I can only assume that the team responsible for the abomination that is Notes on the desktop weren't allowed anywhere near the mobile app....
One thing that always amazed me is how poor Apple's service is for businesses. They'll be happy to pay a little more to be able to bring in a laptop to the Apple store and get someone to fix it right then and there, or swap its drive into a new chassis.
Teaming up with IBM, which understands business service much better than Apple, is a good idea.
It *doesn't* mean that Apple is losing its cool. To me, it means that Apple noticed that it is leaving a *ton* of money on the table by being obtuse to the needs of businesses.
I'm still much happier with my family iPhones, which never get viruses, than I would be with an Android phone whose store is littered with malware. And there's no way I'm buying a Windows phone -- ever. Microsoft has achieved that rare combination of banality, incompetence and arrogance that would prove instantly fatal to a company that didn't have a constant income stream from desktop Windows. I'm certainly not going to inflict their system on anyone I care about.
At least where I work, the last three MacOS releases have not received kind words. They're getting too buggy and they're tuned for running small applications. Virtual machines and databases grind to a halt and some machines have broken SMB clients.
... if Apple continues to make things better than the rest it can charge more than the rest and besides it does do things better than the rest no?
I mean, try finger-swiping or hand-swiping a big 60" monster than gets smeared with human plaque, spittle, slavourings, speach splatter, ... or use a 3" by 2" finger swipe pad?
Sheesh - u hugh-manz
Apple and IBM need each other right now.

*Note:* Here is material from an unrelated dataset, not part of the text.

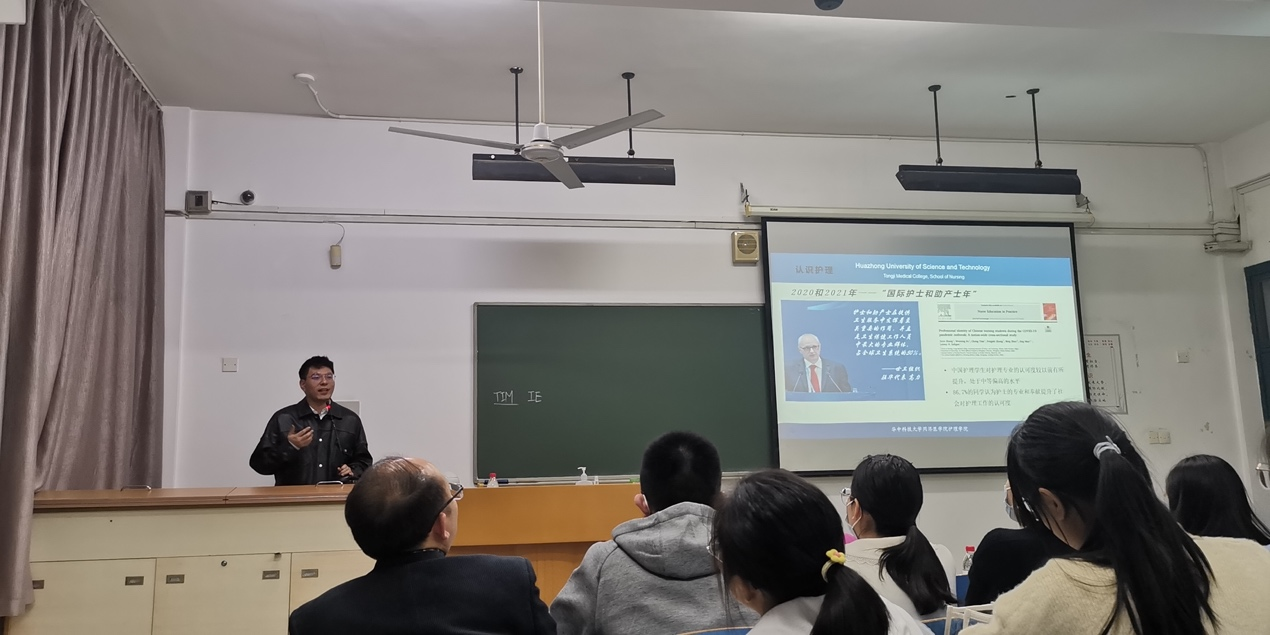 随后,张泽宇博士以亲身经历从“我与华中大”、“护理与社会”两个方面入手,向大家分享了他自2011年考入33945威尼斯在护理学科领域中初心如磐、奋楫笃行的十年求学生涯。他结合在美国约翰霍普金斯大学、纽约大学、美国国立健康研究院、日本金泽大学等众多世界顶尖大学的游学经历和“健康中国2030”规划纲要,提出作为新时代的同济护理人,更应站在国际化的高度,努力参与健康政策的制定,提升护理研究的重要性,始终秉持“护理是一份值得一生奋斗的事业”的信念,贯彻落实习近平总书记对广大护士“为健康中国建设,维护世界公共卫生安全不断做出新的贡献”的期待,为护理行业的更好发展奉献自己的力量。

Apple needs IBM for the iPhone and iPad to become the corporate go-to devices. Exeunt Blackberry stage left. Apple is attractive to IBM because it has been obsessive about controlling just what software goes onto its fondleslabs, which, like all things Mac, don't have as many security gaping security holes as Windows and Android devices. And IBM needs Apple because IBM is not longer in the low-end commodity hardware biz of any kind. Gee, what else is there to say?